• _Work request_
For this listing, reproduce the line with "Lecker Steak mit Gemüse und Mais", the line with "Welcome to Emerald", and the lines between, exactly as they stand. Leave out pictures and all other lines.

(Available records Opens)

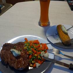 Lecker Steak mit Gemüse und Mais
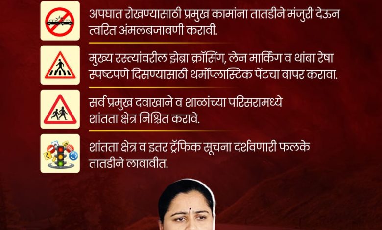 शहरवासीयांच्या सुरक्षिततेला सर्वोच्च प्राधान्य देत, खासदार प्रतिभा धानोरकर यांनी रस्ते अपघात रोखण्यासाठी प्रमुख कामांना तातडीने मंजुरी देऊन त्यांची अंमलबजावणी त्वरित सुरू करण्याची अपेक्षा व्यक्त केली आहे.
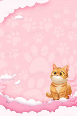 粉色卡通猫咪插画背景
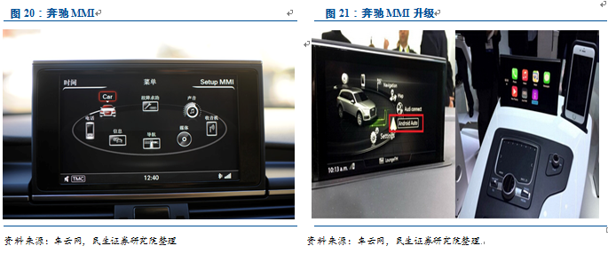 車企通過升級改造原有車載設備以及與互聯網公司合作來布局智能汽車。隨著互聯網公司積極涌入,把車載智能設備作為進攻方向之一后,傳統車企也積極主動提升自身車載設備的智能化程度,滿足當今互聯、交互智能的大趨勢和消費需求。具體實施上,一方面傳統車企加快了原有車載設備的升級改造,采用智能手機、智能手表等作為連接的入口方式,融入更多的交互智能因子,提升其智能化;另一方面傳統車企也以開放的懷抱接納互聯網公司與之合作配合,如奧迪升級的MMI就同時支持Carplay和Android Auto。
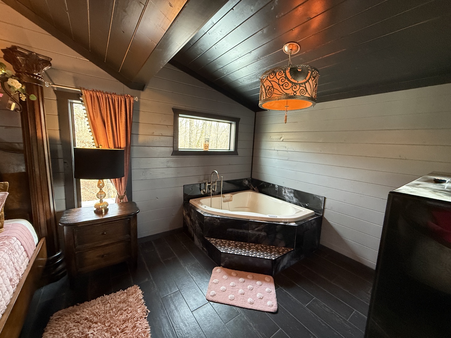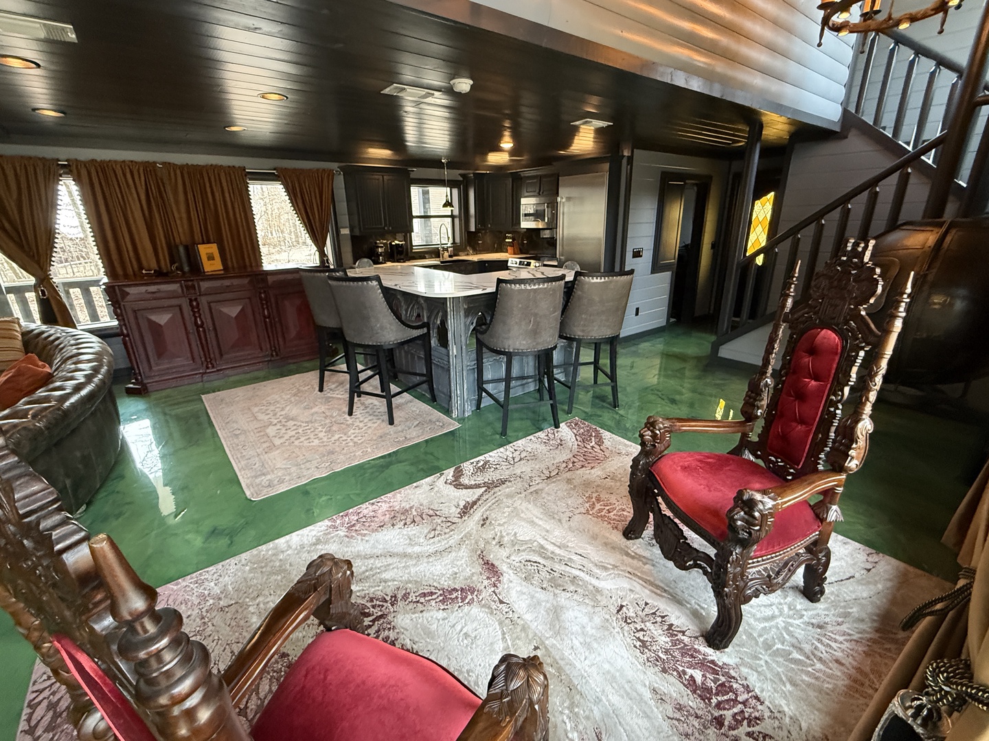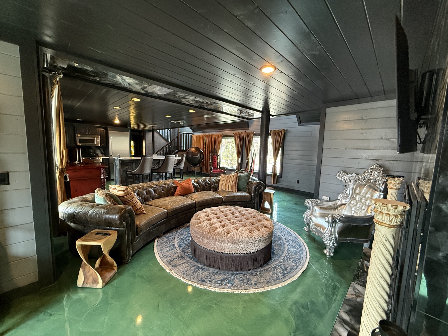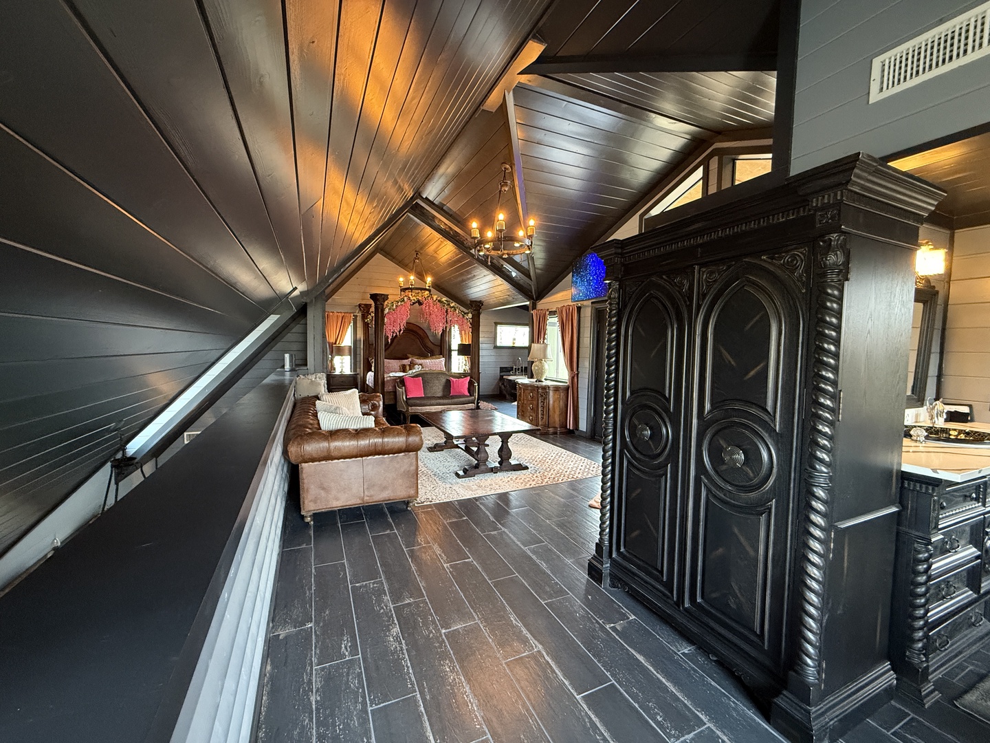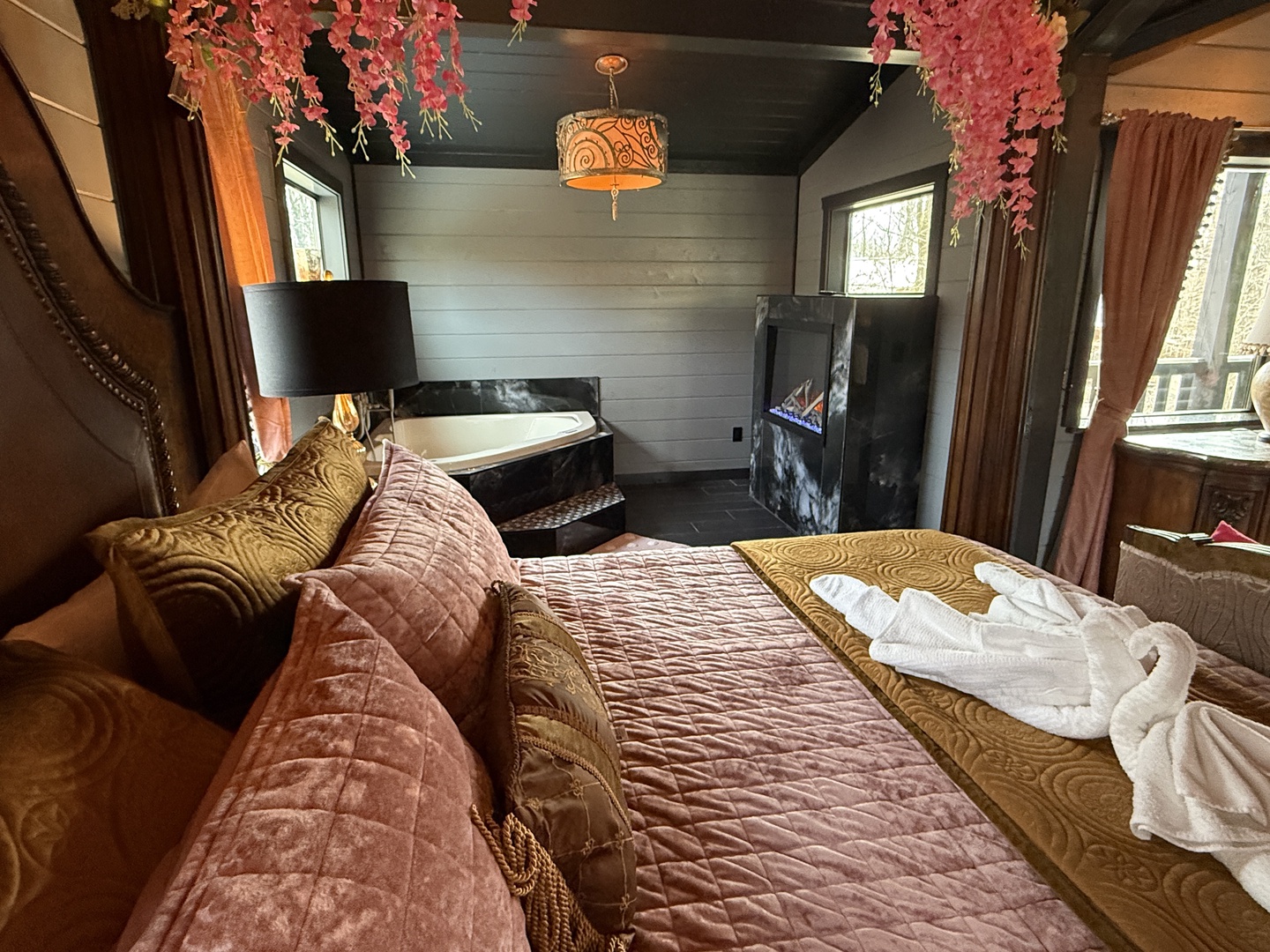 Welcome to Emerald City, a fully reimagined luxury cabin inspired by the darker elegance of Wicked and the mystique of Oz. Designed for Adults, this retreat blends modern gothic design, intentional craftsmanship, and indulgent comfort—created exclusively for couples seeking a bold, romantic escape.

(Available records Closes)
(Available records Opens)

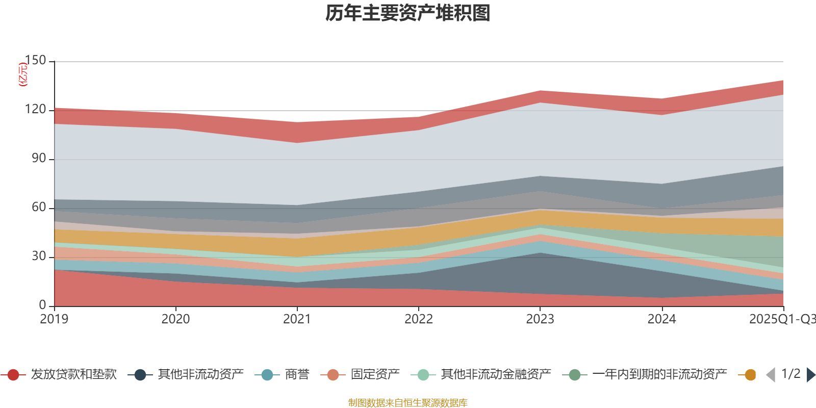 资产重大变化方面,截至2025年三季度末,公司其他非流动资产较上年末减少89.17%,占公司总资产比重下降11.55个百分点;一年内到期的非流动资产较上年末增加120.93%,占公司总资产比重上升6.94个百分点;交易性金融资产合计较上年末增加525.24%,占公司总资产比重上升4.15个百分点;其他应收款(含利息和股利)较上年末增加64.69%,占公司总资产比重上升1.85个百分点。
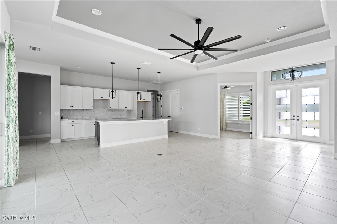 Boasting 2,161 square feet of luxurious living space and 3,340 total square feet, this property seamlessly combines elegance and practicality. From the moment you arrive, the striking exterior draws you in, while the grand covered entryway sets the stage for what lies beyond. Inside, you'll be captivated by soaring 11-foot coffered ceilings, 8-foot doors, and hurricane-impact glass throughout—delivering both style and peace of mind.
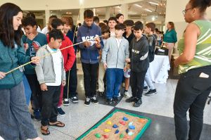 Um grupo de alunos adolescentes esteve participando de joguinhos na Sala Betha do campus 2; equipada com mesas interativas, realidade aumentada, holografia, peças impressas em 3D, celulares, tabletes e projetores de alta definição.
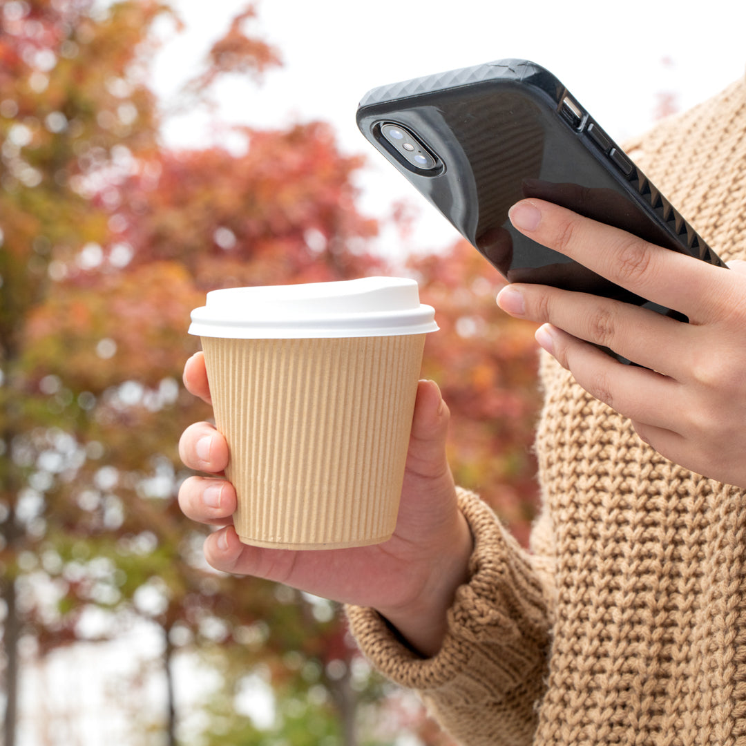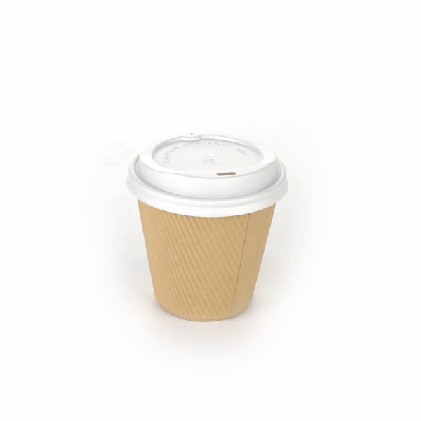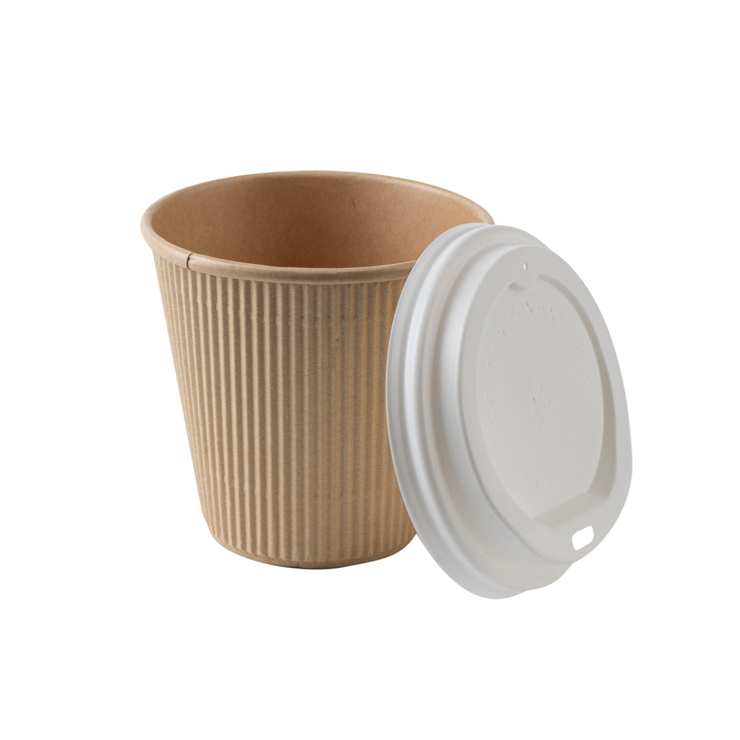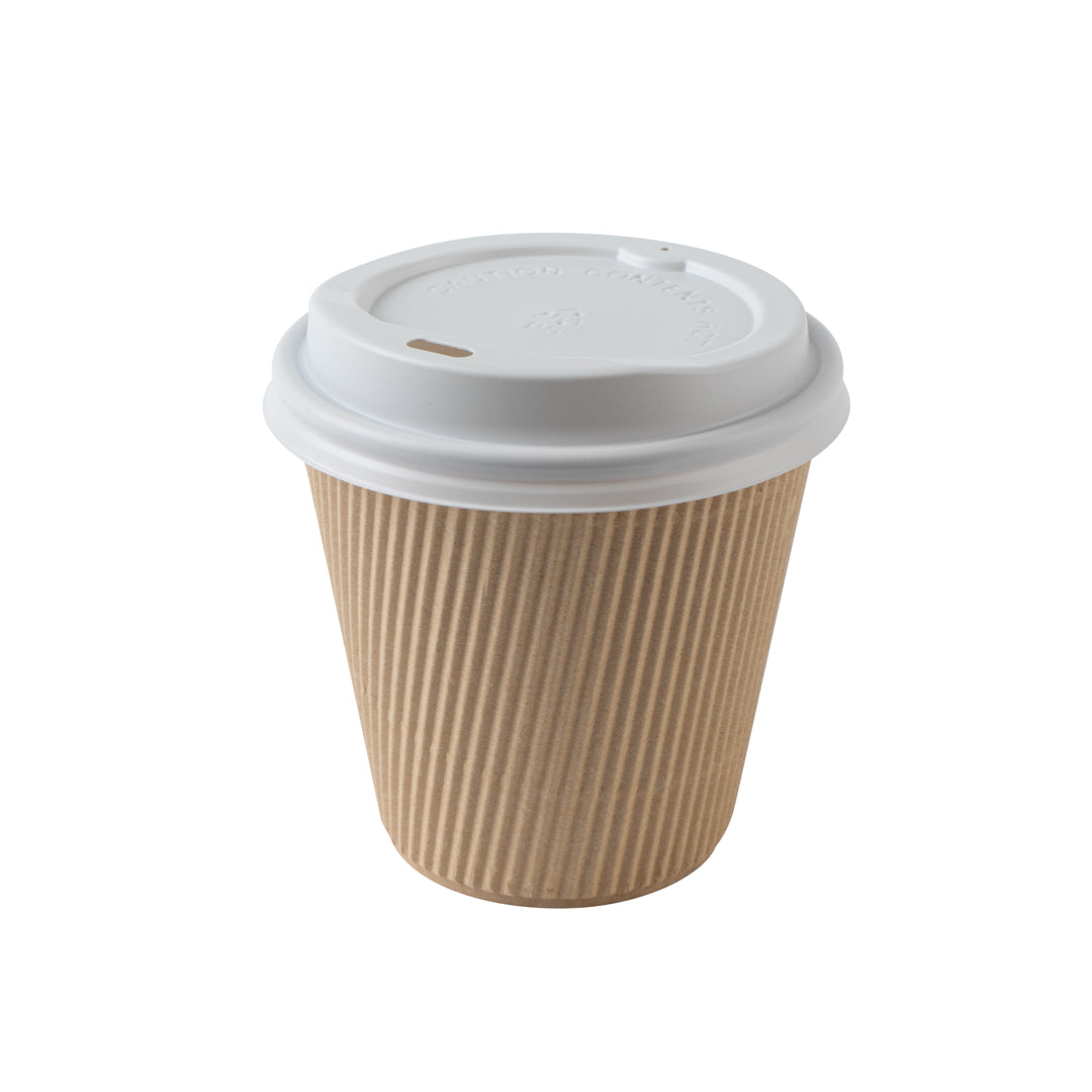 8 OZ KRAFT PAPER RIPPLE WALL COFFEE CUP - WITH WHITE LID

(Available records Closes)

• _The answer_
 Lecker Steak mit Gemüse und Mais
 शहरवासीयांच्या सुरक्षिततेला सर्वोच्च प्राधान्य देत, खासदार प्रतिभा धानोरकर यांनी रस्ते अपघात रोखण्यासाठी प्रमुख कामांना तातडीने मंजुरी देऊन त्यांची अंमलबजावणी त्वरित सुरू करण्याची अपेक्षा व्यक्त केली आहे.
 粉色卡通猫咪插画背景
 車企通過升級改造原有車載設備以及與互聯網公司合作來布局智能汽車。隨著互聯網公司積極涌入,把車載智能設備作為進攻方向之一后,傳統車企也積極主動提升自身車載設備的智能化程度,滿足當今互聯、交互智能的大趨勢和消費需求。具體實施上,一方面傳統車企加快了原有車載設備的升級改造,采用智能手機、智能手表等作為連接的入口方式,融入更多的交互智能因子,提升其智能化;另一方面傳統車企也以開放的懷抱接納互聯網公司與之合作配合,如奧迪升級的MMI就同時支持Carplay和Android Auto。
 Welcome to Emerald City, a fully reimagined luxury cabin inspired by the darker elegance of Wicked and the mystique of Oz. Designed for Adults, this retreat blends modern gothic design, intentional craftsmanship, and indulgent comfort—created exclusively for couples seeking a bold, romantic escape.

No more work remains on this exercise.